13 messages · Jeff Reichman, Tom Woolman, Jeff Newmiller +2 more

#
R-Help Community

I'm trying to combine two data.frames which each containing 10 columns of
which they each share two common fields. Here are two small test datasets.

df1 <- data.frame(date =
c("2021-1-1","2021-1-1","2021-1-1","2021-1-1","2021-1-1",
 
"2021-1-2","2021-1-2","2021-1-3","2021-1-3","2021-1-3"),
                  geo_hash =
c("abc123","abc123","abc456","abc789","abc246","abc123",
                               "asd123","abc789","abc890","abc123"),
                  ad_id = c("a12345","b12345","a12345","a12345","c12345",
                            "b12345","b12345","a12345","b12345","a12345"))
df2 <- data.frame(date =
c("2021-1-1","2021-1-1","2021-1-2","2021-1-3","2021-1-3"),
                  geo_hash =
c("abc123","abc456","abc123","abc789","abc890"),
                  event = c("shoting","ied","protest","riot","protest"))
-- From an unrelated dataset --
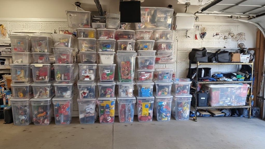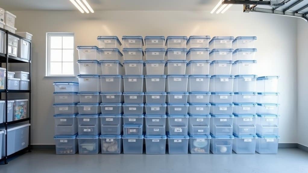 Stacking bins vertically in your garage is an efficient way to maximize storage space and keep items organized. Start by selecting sturdy, stackable bins with flat lids to guarantee stability when placed on top of each other. Place heavier items in the bottom bins to create a solid base and prevent toppling, while lighter items can go in the upper bins for easy access.

I'm trying to combine them such that I get a combined data.frames such as 

date		geo_hash	ad_id		event
1/1/2021	abc123		a12345		shoting
1/1/2021	abc123		b12345	
1/1/2021	abc456		a12345		ied
1/1/2021	abc789		a12345	
1/1/2021	abc246		c12345	

Jeff
#
Have you looked at the merge function in base R?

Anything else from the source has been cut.